Data for processing:

********************

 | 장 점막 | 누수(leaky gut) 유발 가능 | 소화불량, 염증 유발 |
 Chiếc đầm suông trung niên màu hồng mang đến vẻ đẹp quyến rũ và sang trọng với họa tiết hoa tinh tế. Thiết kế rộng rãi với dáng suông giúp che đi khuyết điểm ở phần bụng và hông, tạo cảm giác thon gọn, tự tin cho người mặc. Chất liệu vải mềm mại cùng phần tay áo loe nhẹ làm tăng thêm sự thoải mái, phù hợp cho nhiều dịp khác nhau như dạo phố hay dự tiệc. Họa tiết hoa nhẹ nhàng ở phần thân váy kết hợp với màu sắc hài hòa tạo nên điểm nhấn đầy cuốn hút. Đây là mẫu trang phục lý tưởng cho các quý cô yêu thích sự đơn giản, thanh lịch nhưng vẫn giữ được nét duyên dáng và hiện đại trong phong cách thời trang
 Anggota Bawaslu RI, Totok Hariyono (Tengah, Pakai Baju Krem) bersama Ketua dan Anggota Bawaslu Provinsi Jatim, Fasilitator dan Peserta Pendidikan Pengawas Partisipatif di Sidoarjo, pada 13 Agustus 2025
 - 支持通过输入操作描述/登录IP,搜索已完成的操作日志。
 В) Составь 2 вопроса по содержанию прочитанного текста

********************

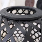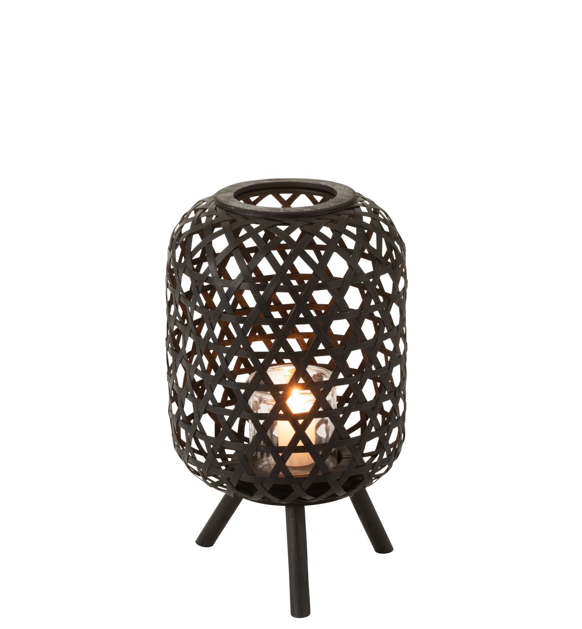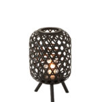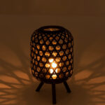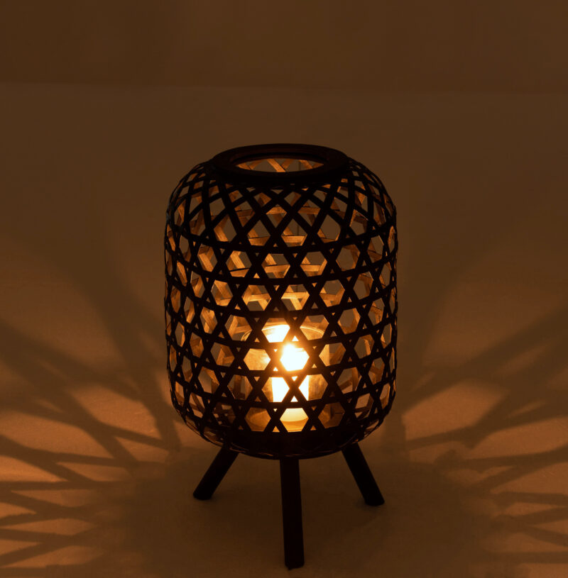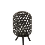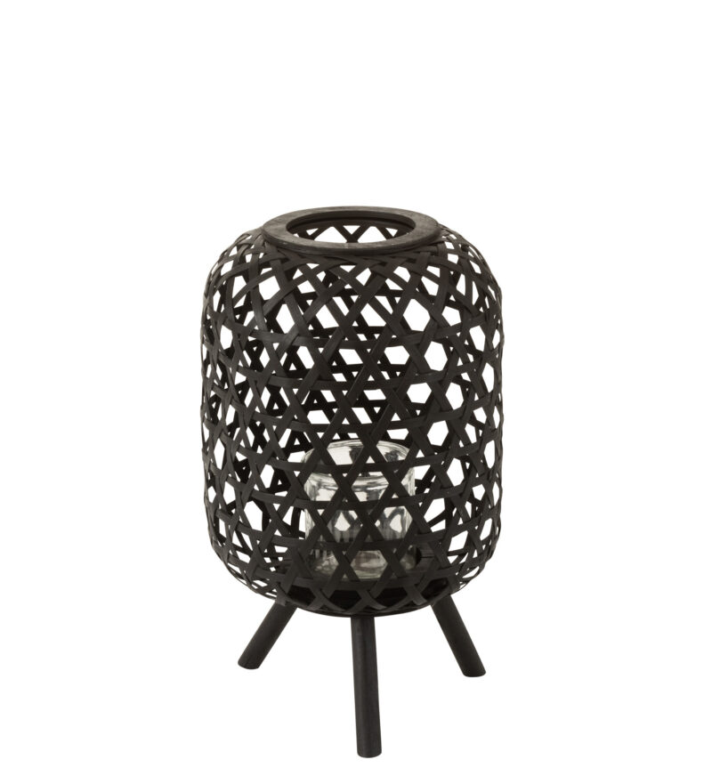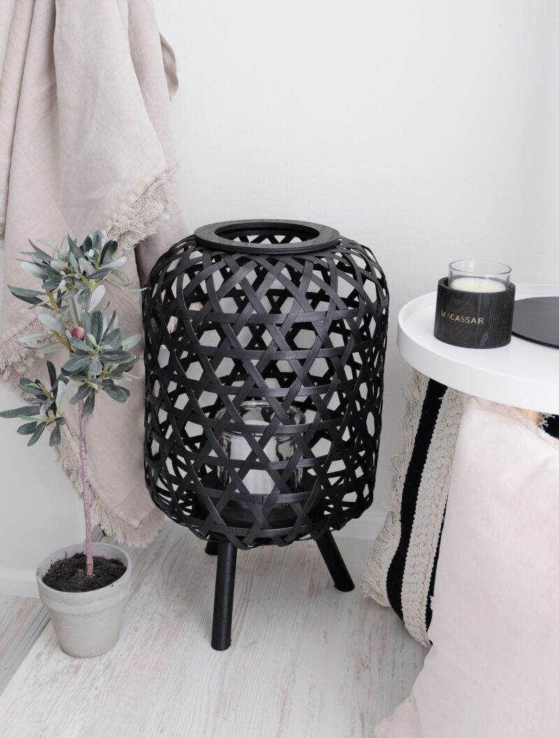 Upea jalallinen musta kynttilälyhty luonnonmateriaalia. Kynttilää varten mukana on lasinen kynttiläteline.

********************

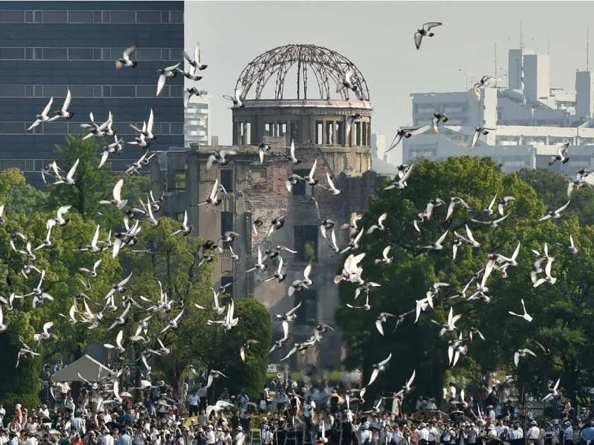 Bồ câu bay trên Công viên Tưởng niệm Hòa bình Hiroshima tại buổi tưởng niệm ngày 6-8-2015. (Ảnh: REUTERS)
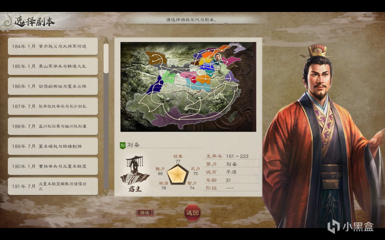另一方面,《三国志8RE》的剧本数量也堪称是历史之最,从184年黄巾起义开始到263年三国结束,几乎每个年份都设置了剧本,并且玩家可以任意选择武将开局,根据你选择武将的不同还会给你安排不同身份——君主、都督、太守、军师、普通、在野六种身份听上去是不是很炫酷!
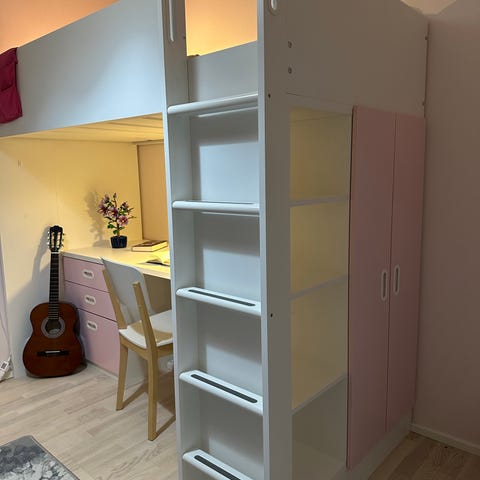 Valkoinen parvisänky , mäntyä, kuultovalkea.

********************

Exercise aim:
In the material above, find the line containing "Anggota Bawaslu RI, Totok" and the line containing "В) Составь 2", then write out exactly those two lines and every line between them, and nothing more.

Worked solution:
 Anggota Bawaslu RI, Totok Hariyono (Tengah, Pakai Baju Krem) bersama Ketua dan Anggota Bawaslu Provinsi Jatim, Fasilitator dan Peserta Pendidikan Pengawas Partisipatif di Sidoarjo, pada 13 Agustus 2025
 - 支持通过输入操作描述/登录IP,搜索已完成的操作日志。
 В) Составь 2 вопроса по содержанию прочитанного текста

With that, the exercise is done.